**Task to carry out:** Could you repeat, exactly and with no pictures, only the lines from the start of the records through the line containing "All of the base, supports, and"?

**Excerpted data:**
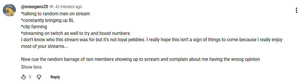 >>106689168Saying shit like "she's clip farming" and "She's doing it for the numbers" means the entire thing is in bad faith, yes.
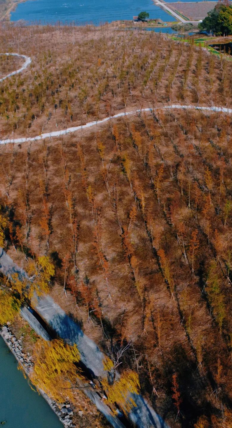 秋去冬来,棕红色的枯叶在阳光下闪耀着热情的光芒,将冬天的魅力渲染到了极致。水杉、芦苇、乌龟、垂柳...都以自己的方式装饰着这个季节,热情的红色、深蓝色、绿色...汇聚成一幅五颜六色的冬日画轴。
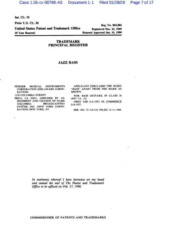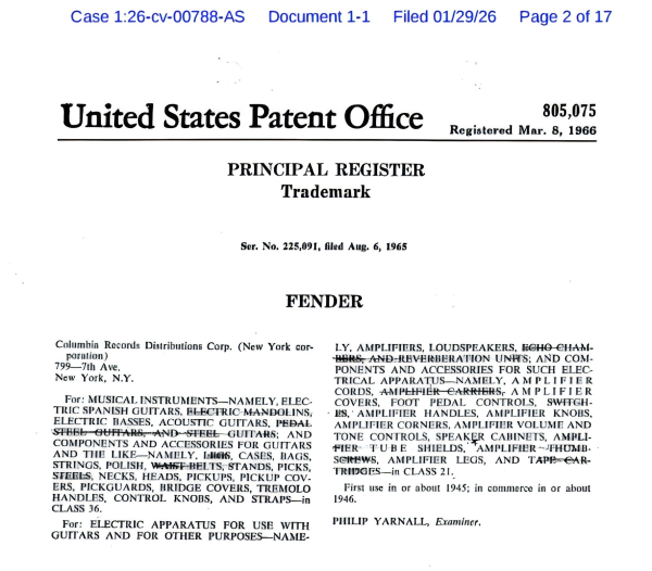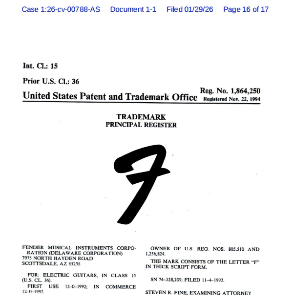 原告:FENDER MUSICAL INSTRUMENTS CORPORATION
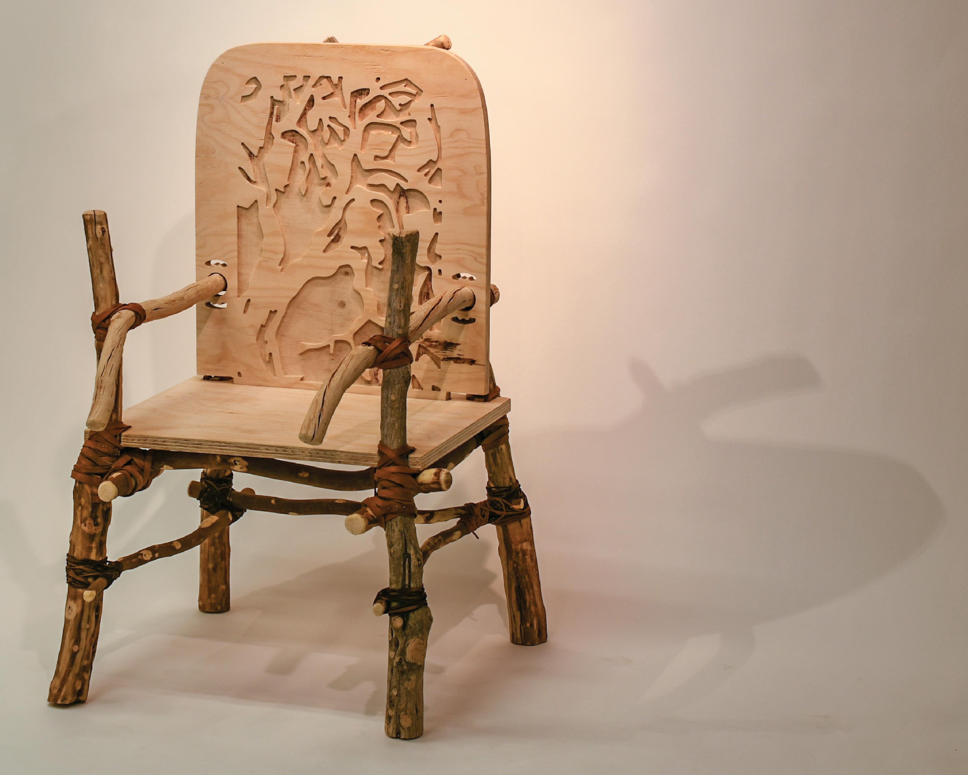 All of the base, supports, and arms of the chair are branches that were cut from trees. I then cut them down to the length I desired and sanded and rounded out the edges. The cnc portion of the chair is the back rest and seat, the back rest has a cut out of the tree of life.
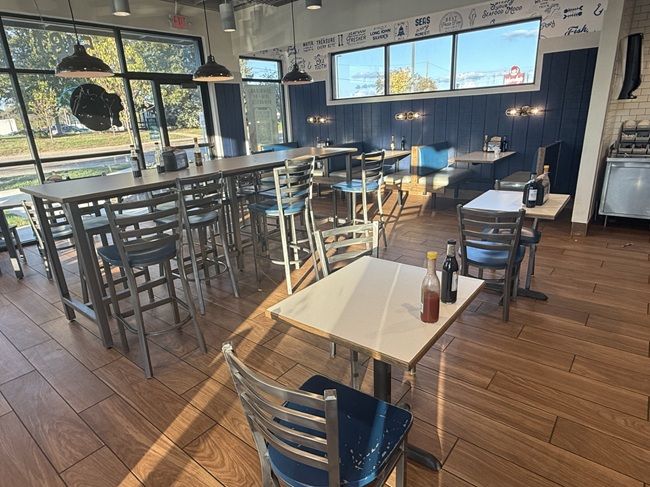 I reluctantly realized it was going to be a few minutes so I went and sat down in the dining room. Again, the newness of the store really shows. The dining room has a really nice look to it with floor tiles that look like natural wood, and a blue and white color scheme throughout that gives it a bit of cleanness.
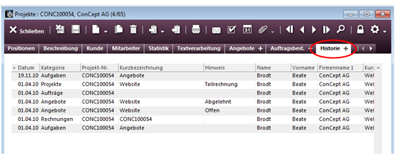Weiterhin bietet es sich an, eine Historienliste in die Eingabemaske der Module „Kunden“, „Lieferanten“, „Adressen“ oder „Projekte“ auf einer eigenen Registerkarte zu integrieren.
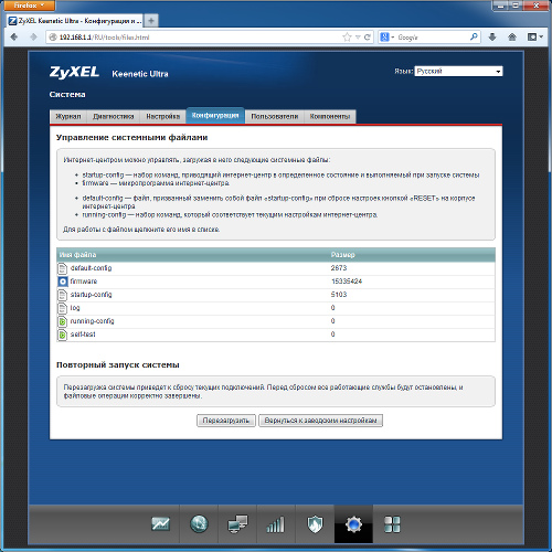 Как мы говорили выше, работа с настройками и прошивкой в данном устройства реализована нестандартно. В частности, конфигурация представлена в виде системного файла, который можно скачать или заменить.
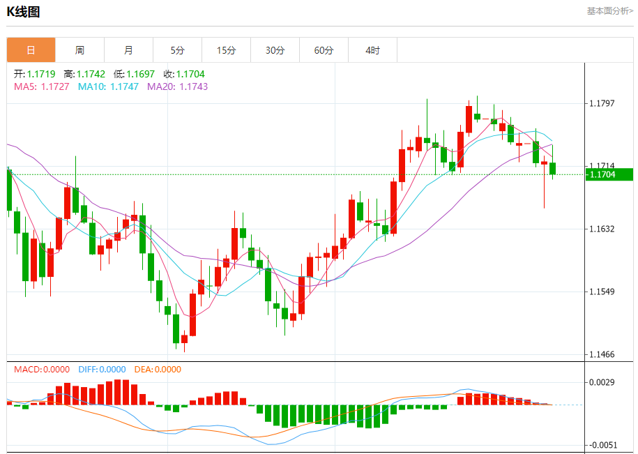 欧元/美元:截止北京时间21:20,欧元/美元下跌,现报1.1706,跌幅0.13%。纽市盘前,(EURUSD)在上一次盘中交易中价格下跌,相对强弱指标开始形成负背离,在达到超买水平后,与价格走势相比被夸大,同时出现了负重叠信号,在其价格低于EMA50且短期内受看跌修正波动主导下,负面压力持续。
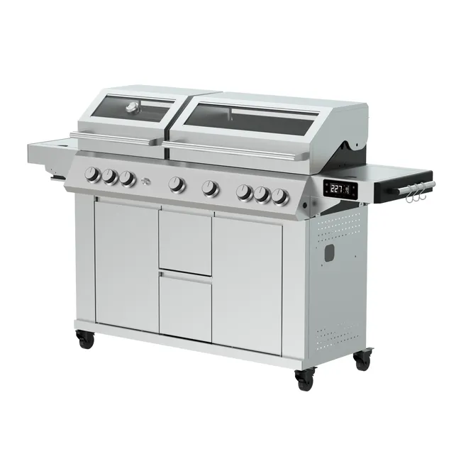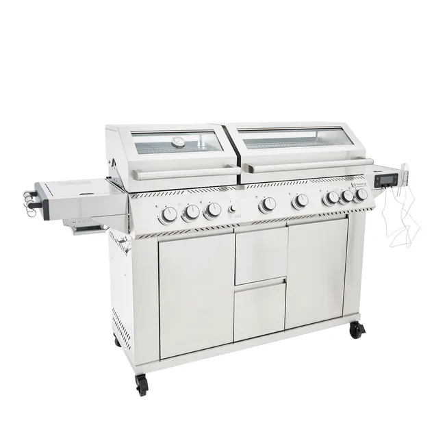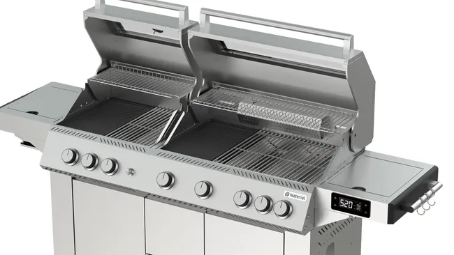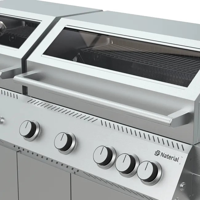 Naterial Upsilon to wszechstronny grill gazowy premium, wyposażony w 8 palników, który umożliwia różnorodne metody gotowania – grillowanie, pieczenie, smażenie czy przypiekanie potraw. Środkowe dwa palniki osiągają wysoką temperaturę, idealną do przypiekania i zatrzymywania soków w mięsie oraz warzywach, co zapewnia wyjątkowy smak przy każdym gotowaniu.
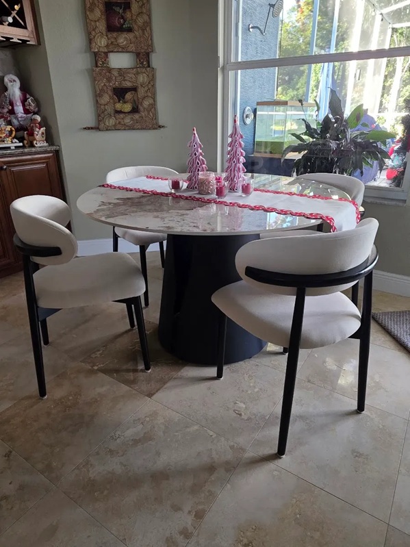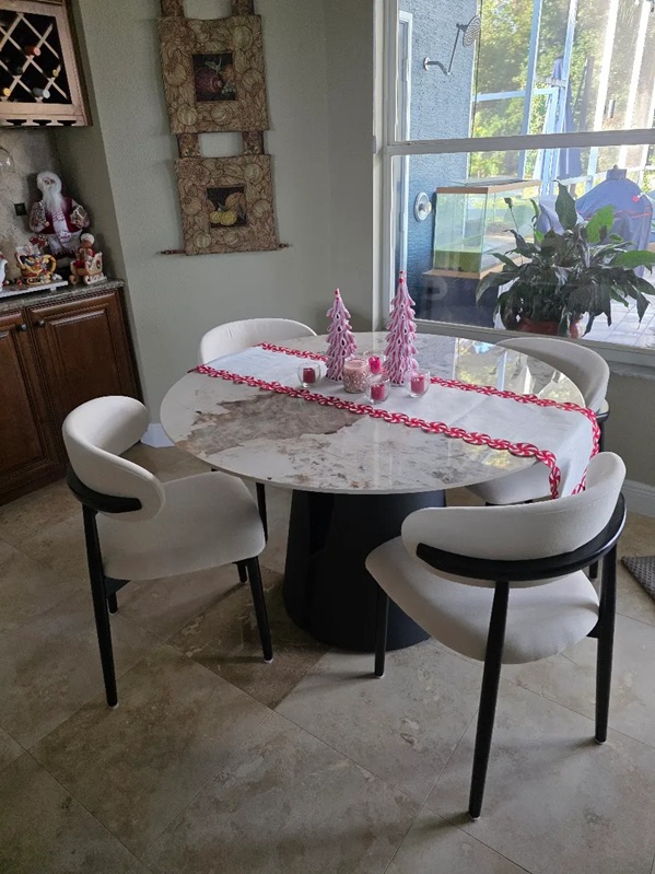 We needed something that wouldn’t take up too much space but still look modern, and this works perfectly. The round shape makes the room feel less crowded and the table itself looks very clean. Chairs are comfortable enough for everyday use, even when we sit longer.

**Answer area:**
 >>106689168Saying shit like "she's clip farming" and "She's doing it for the numbers" means the entire thing is in bad faith, yes.
 秋去冬来,棕红色的枯叶在阳光下闪耀着热情的光芒,将冬天的魅力渲染到了极致。水杉、芦苇、乌龟、垂柳...都以自己的方式装饰着这个季节,热情的红色、深蓝色、绿色...汇聚成一幅五颜六色的冬日画轴。
 原告:FENDER MUSICAL INSTRUMENTS CORPORATION
 All of the base, supports, and arms of the chair are branches that were cut from trees. I then cut them down to the length I desired and sanded and rounded out the edges. The cnc portion of the chair is the back rest and seat, the back rest has a cut out of the tree of life.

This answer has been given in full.